The reply to the records below should contain exactly the lines from the line with "斑入りのガクイジサイが満開です。" through the line with "為貫徹落實中央軍委關于全面停", and nothing besides.

→ INFORMATION SHOWN
============
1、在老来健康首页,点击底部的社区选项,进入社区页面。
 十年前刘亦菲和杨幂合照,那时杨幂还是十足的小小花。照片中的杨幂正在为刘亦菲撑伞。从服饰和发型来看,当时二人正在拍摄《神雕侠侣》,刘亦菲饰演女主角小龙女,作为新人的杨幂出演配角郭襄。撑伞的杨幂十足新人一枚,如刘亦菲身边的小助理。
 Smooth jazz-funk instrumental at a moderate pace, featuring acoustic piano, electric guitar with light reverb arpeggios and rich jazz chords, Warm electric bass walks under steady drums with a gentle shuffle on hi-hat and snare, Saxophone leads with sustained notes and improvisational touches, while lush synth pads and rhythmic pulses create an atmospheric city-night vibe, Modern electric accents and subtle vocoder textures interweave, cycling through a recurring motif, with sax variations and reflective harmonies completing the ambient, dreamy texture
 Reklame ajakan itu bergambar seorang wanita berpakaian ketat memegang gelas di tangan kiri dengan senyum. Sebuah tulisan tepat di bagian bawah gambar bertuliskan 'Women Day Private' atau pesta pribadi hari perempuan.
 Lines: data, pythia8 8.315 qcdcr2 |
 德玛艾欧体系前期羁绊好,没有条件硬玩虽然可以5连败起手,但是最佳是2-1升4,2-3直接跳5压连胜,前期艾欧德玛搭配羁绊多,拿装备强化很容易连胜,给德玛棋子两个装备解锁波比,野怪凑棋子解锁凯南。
============
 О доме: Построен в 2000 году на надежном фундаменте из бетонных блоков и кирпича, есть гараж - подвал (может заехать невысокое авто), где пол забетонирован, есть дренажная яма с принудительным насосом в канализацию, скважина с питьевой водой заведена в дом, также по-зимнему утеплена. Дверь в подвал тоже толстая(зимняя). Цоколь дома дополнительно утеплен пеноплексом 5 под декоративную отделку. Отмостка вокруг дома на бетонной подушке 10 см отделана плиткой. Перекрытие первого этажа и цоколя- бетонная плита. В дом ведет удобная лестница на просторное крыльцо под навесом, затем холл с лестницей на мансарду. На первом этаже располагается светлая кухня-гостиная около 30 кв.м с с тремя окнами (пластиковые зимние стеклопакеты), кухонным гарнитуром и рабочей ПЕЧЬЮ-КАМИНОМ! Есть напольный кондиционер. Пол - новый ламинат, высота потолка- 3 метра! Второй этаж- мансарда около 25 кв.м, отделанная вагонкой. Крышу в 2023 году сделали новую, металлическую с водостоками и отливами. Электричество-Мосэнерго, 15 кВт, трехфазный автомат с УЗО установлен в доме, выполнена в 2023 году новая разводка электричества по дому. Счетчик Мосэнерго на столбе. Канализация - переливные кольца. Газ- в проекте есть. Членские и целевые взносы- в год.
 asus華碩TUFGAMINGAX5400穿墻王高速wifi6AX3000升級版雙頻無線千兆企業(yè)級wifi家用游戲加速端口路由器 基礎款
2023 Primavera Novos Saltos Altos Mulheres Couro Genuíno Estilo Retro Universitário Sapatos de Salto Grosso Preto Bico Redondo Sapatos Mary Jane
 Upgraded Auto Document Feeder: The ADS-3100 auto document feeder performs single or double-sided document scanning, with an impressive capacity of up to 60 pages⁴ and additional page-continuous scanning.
============
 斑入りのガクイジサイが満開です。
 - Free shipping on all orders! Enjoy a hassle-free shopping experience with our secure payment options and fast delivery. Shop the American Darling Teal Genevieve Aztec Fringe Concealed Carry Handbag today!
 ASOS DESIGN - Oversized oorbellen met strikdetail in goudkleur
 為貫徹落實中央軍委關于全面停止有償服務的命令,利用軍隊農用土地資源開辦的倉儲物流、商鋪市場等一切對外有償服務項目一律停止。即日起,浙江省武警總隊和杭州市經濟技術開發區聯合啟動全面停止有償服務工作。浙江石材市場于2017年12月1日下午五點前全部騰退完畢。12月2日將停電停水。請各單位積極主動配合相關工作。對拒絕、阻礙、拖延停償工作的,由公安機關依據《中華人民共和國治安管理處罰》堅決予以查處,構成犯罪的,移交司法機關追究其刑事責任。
============
→ PROBLEM SOLUTION
 斑入りのガクイジサイが満開です。
 - Free shipping on all orders! Enjoy a hassle-free shopping experience with our secure payment options and fast delivery. Shop the American Darling Teal Genevieve Aztec Fringe Concealed Carry Handbag today!
 ASOS DESIGN - Oversized oorbellen met strikdetail in goudkleur
 為貫徹落實中央軍委關于全面停止有償服務的命令,利用軍隊農用土地資源開辦的倉儲物流、商鋪市場等一切對外有償服務項目一律停止。即日起,浙江省武警總隊和杭州市經濟技術開發區聯合啟動全面停止有償服務工作。浙江石材市場于2017年12月1日下午五點前全部騰退完畢。12月2日將停電停水。請各單位積極主動配合相關工作。對拒絕、阻礙、拖延停償工作的,由公安機關依據《中華人民共和國治安管理處罰》堅決予以查處,構成犯罪的,移交司法機關追究其刑事責任。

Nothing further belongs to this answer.